___ Data segment
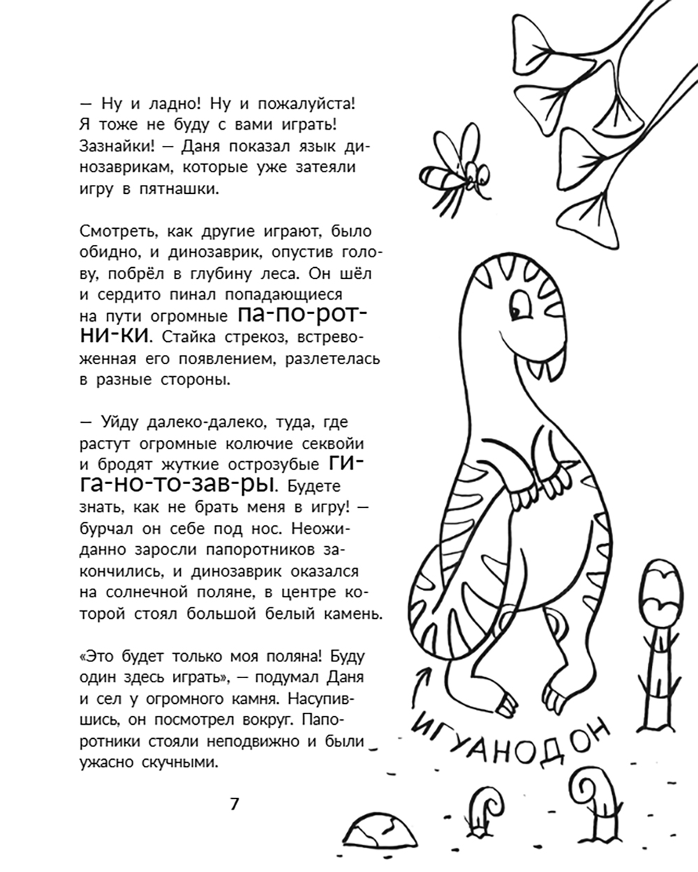 Как быть, если хочешь попасть в команду самых-самых, но плавать, вытягивать шею до неба или хотя бы громко гудеть у тебя не получается? Маленький игуанодон Даня готов поверить, что он неумеха, как вдруг благодаря птеродактилю обнаруживает у себя особый «рисовальный» коготь! Им можно нарисовать реку, скалу, других динозавров и даже декорации к театру теней, который умеет показывать его новый друг! Подготовь фломастеры, открой книжку и помоги маленькому динозаврику отыскать свои способности и подготовиться к театральной премьере. Заодно ты узнаешь, чем отличаются динозавры, научишься показывать театр теней, поиграешь в прятки в доисторическом лесу и потренируешься в счёте и чтении. Для младшего школьного возраста.| Издательство | Абраказябра |
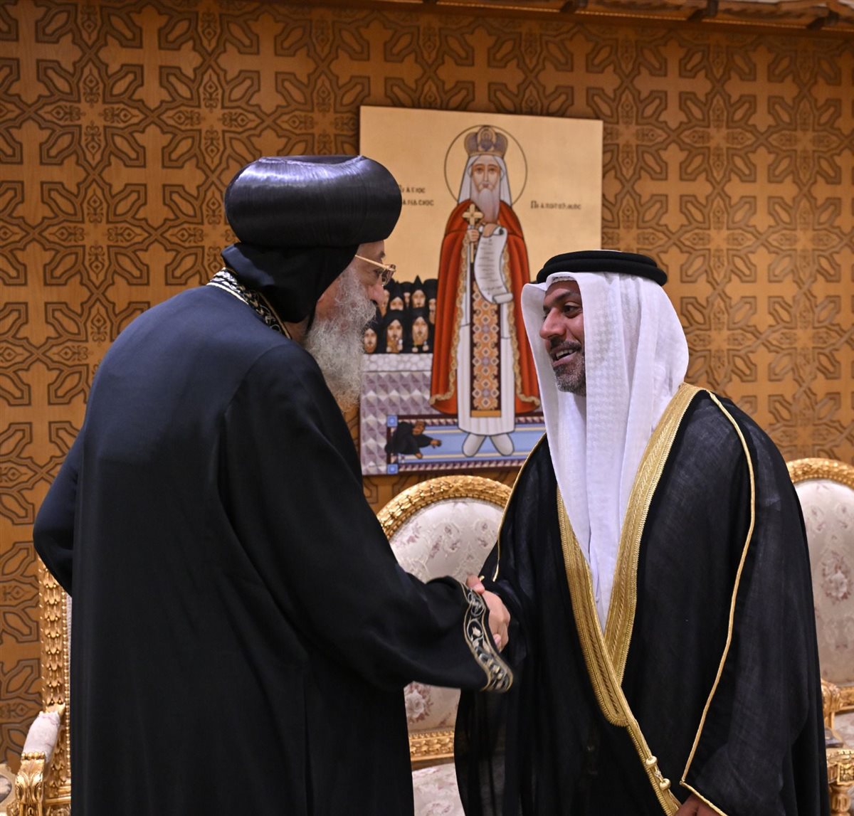 وأشاد بجهود قداسة البابا تواضروس الثاني في تعزيز ثقافة الحوار والسلام بين الأديان، وترسيخ روح الانسجام والتقارب بين الشعوب، مشيرًا إلى أن هذه الجهود تتكامل مع رؤية دولة الإمارات التي جعلت من التسامح والتعايش ركائز أساسية في نهجها الحضاري ورسالتها الإنسانية لبناء عالم يسوده الاحترام.
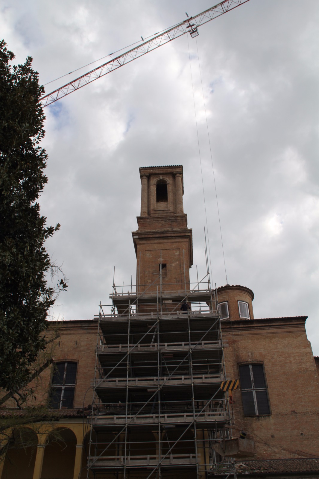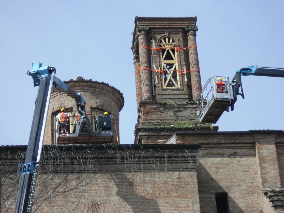 Per capire la vicenda occorre fare un passo indietro nel tempo. Precisamente al 20 maggio 2012, il giorno del terremoto a Ferrara. Il campanile della chiesa di San Lorenzo subì pesanti danni. L’allora presidente della Patrimonio Studi Adriano Orlandini corse ai ripari contattando una ditta specializzata a livello europeo nel restauro antisismico di edifici di culto, la Res.In.Tec. La torre gravava sopra alcune classi del liceo Cevolani e Orlandini fu felice profeta: incaricò la ditta tramite affidamento di puntellare la strutture per un intervento tampone d’emergenza.
______
» Exercise instructions
Retype the full listing above precisely. Exclude each picture you find in it.

» Reply to the task
 Как быть, если хочешь попасть в команду самых-самых, но плавать, вытягивать шею до неба или хотя бы громко гудеть у тебя не получается? Маленький игуанодон Даня готов поверить, что он неумеха, как вдруг благодаря птеродактилю обнаруживает у себя особый «рисовальный» коготь! Им можно нарисовать реку, скалу, других динозавров и даже декорации к театру теней, который умеет показывать его новый друг! Подготовь фломастеры, открой книжку и помоги маленькому динозаврику отыскать свои способности и подготовиться к театральной премьере. Заодно ты узнаешь, чем отличаются динозавры, научишься показывать театр теней, поиграешь в прятки в доисторическом лесу и потренируешься в счёте и чтении. Для младшего школьного возраста.| Издательство | Абраказябра |
 وأشاد بجهود قداسة البابا تواضروس الثاني في تعزيز ثقافة الحوار والسلام بين الأديان، وترسيخ روح الانسجام والتقارب بين الشعوب، مشيرًا إلى أن هذه الجهود تتكامل مع رؤية دولة الإمارات التي جعلت من التسامح والتعايش ركائز أساسية في نهجها الحضاري ورسالتها الإنسانية لبناء عالم يسوده الاحترام.
 Per capire la vicenda occorre fare un passo indietro nel tempo. Precisamente al 20 maggio 2012, il giorno del terremoto a Ferrara. Il campanile della chiesa di San Lorenzo subì pesanti danni. L’allora presidente della Patrimonio Studi Adriano Orlandini corse ai ripari contattando una ditta specializzata a livello europeo nel restauro antisismico di edifici di culto, la Res.In.Tec. La torre gravava sopra alcune classi del liceo Cevolani e Orlandini fu felice profeta: incaricò la ditta tramite affidamento di puntellare la strutture per un intervento tampone d’emergenza.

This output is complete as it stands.